Конечно, не вся информация, полученная от Йонаса, оказалась такой уж полезной. Не думаю, что реплика про лошадей имеет значение. Да и какая разница, где Ластумяки и Салми познакомились с Хяюриненом? Через лошадей так через лошадей. Для меня важны события, которые произошли позже. Кроме того, именно на лошадиной ферме я проводил определенные следственные действия (завершившиеся крайне неприятной операцией по самообороне, жуткие картины которой до сих пор стоят у меня перед глазами). И что толку? Как это доказывает вину Ластумяки и Салми? А мне нужны неопровержимые доказательства.

Я сворачиваю с перекрестка на стоянку перед парком приключений и вижу привычное запустение. Рекламная кампания на радио имела, как выражаются на профессиональном жаргоне маркетологи, «короткий хвост». То есть эффект от нее был быстрым, но минимальным. Я объезжаю парк и оставляю машину перед служебным входом.

Сегодняшний день не богат на события. Тишина в парке, тишина в моем кабинете и, что хуже всего, полный штиль у меня в голове, в той ее части, где обычно происходит поиск решения проблем. Дело не в том, что я выдвинул недостаточно версий, провел мало расчетов или перебрал не все возможные варианты. Проблема в том, что версии, расчеты и варианты не стыкуются друг с другом.
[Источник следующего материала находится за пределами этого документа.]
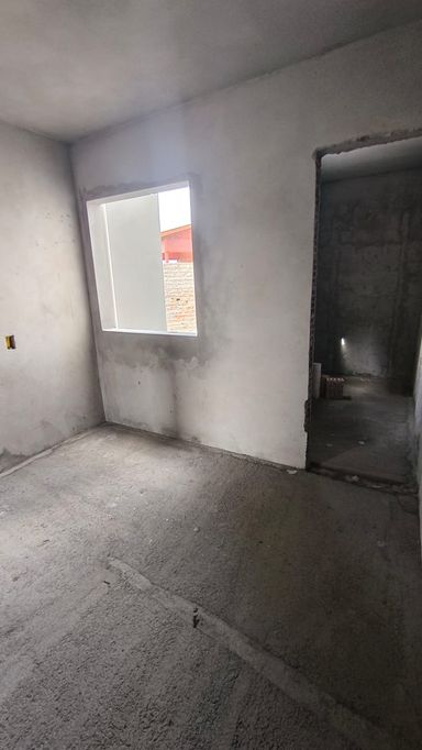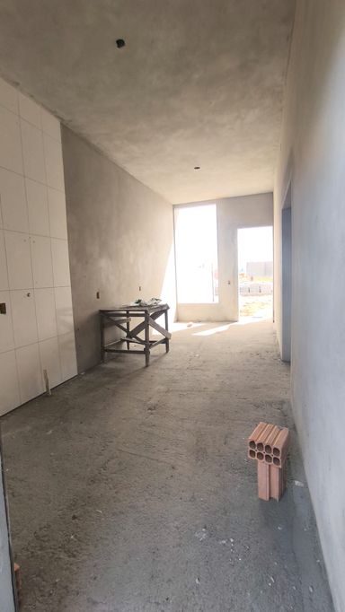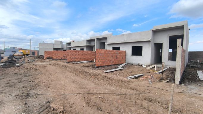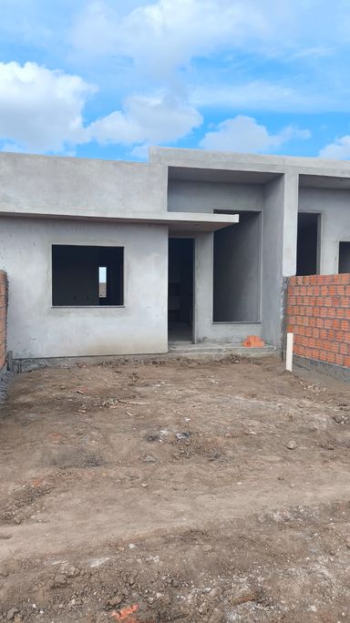 Casa geminada com 62,14m². Possui 2 quartos, sendo um suíte, sala/cozinha conjugadas, churrasqueira, banheiro social, área de serviço, vaga de garagem e pátio.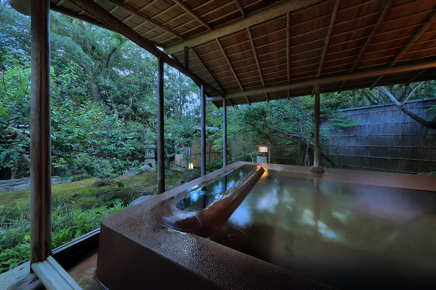 客室は離れの2部屋を含む全15室。数寄屋造りをベースにしながらも各室意匠が異なり、魅力的なバリエーションが揃っています。すべての部屋に源泉かけ流しの露天風呂か半露天風呂、あるいは檜の内風呂が備わり、いつでも心置きなく湯浴みを楽しめるのも、この宿ならではの贅沢です。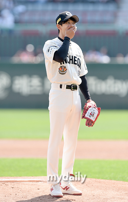 [마이데일리 = 인천 유진형 기자] 샤이니 민호가 2일 오후 인천 SSG랜더스필드에서 진행된 '2023 신한은행 SOL KBO리그' KIA 타이거즈와 SSG 랜더스의 경기가 시작되기 전 시구를 한 뒤 깜짝 놀라고 있다.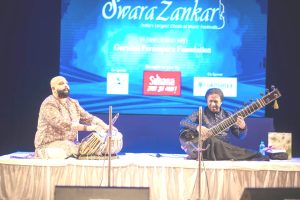 प्रे.स., शिलचर, 14 फरवरी: पुणे के प्रतिष्ठित संगीत संस्थान स्वरझंकार और शिलचर के गुरुकुल परंपरा फाउंडेशन के संयुक्त तत्वावधान में बंगभवन में एक भव्य शास्त्रीय संगीत संध्या का आयोजन किया गया। इस संगीतमय संध्या का शुभारंभ स्वरझंकार के प्रतिनिधि तेजस उपाध्याय और गुरुकुल परंपरा फाउंडेशन के दीपक बक्सी एवं सुतपा बक्सी ने दीप प्रज्वलित कर किया।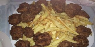 Συνταγή για χοιρινά μπριζολάκια με γλάσο καφέ και πατατοσαλάτα με τηγανητά...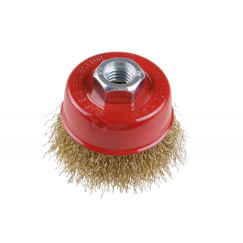 Rotační kartáč - hrnkový, kartáče FESTA zaručují kvalitní použité materiály i zpracování, vlnitý drát - pomosazený 0,3mm, průměr 65mm, uchycení M14*2, počet drátů 1350, délka drátů 23mm, maximální otáčky za min. 12500, použití : pro odstranění rzi, barvy, leštění

У меня не хватает чего-то, что соединило бы все элементы воедино, и я не знаю, где искать это связующее звено.

Вряд ли ответ ждет меня в «Крендельке», хотя именно туда я и направляюсь.

Двигаясь по пустынному игровому павильону, я слышу гулкое эхо своих шагов и меня охватывает чувство тоски. Обычно в этом зале не слышишь даже собственных мыслей, не говоря уже о шварканье резиновых подошв по бетонному полу. В горле ком, во рту сухо. Я все время сглатываю слюну, и даже это дается мне с трудом, как будто не хватает воздуха, хотя концентрация кислорода в павильоне вот уже несколько месяцев наверняка выше обычной. Я поднимаюсь по лестнице, захожу в кафе и вижу, что здесь собрались все мои сотрудники.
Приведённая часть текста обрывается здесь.